TASK INSTRUCTIONS: Once the line containing "Figura 14 Viviendas en malas condiciones" is found, please copy it and all lines after it through the end of the records, exactly, leaving out pictures.

Records from a dataset:

┌──

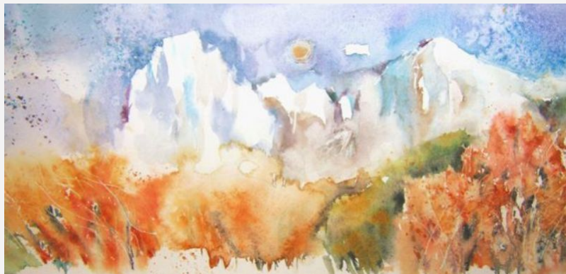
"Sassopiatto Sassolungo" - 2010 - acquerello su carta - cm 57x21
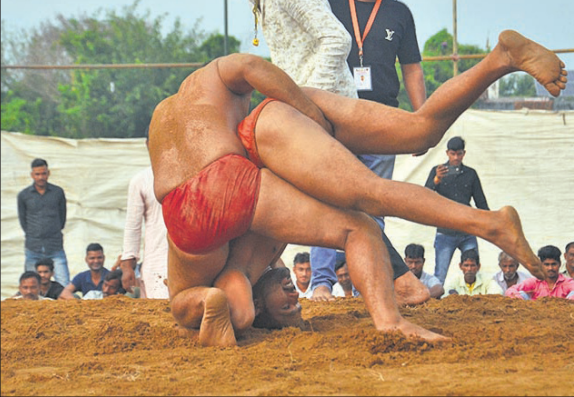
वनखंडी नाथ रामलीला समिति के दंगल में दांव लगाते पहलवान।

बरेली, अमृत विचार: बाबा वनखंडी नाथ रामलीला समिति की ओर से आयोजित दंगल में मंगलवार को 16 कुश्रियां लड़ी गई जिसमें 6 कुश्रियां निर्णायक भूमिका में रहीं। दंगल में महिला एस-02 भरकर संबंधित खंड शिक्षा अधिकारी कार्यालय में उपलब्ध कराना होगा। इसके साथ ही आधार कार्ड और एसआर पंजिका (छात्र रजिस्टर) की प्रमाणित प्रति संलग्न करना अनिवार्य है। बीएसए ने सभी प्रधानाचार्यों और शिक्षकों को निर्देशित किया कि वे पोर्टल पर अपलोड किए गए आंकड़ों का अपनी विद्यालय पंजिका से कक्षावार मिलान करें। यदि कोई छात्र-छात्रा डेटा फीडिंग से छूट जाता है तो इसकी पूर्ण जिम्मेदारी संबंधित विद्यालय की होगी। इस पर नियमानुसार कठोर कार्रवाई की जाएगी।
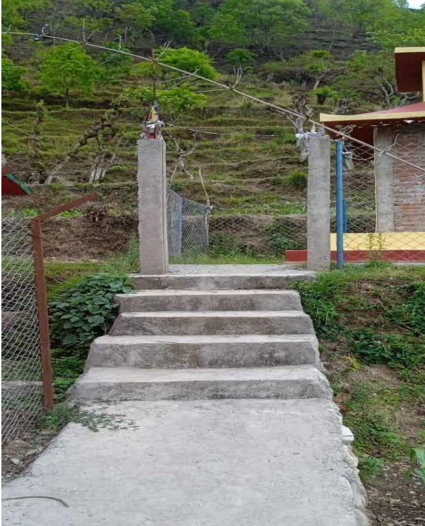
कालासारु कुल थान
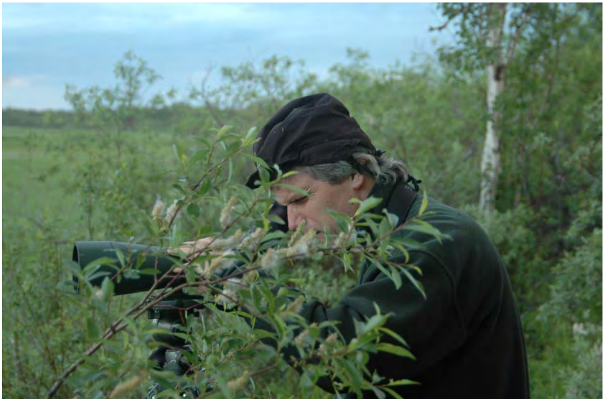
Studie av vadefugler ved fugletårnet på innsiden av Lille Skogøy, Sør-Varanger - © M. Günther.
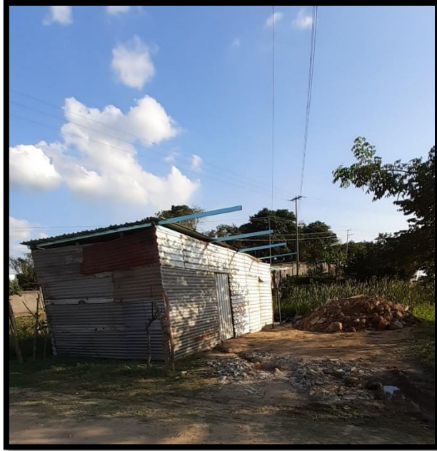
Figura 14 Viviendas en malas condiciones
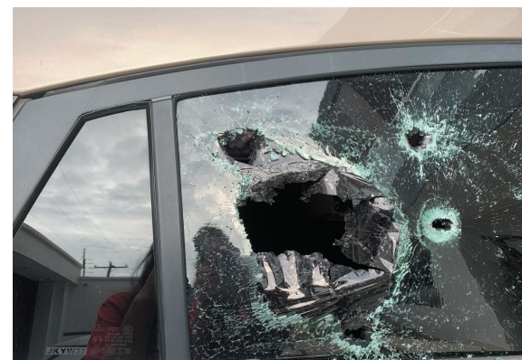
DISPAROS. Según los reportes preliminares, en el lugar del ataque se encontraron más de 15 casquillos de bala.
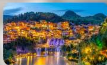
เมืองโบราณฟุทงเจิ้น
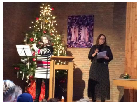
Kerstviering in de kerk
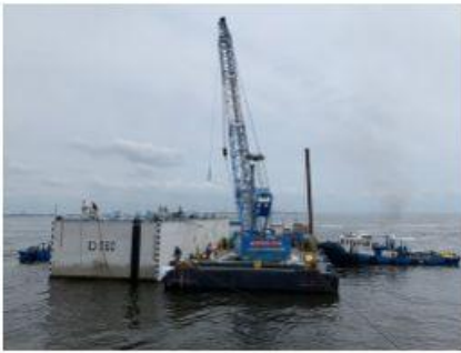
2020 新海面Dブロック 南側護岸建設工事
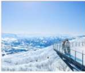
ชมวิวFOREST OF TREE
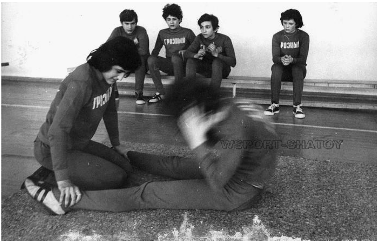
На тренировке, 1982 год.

└──

WRITTEN ANSWER:
Figura 14 Viviendas en malas condiciones
DISPAROS. Según los reportes preliminares, en el lugar del ataque se encontraron más de 15 casquillos de bala.
เมืองโบราณฟุทงเจิ้น
Kerstviering in de kerk
2020 新海面Dブロック 南側護岸建設工事
ชมวิวFOREST OF TREE
На тренировке, 1982 год.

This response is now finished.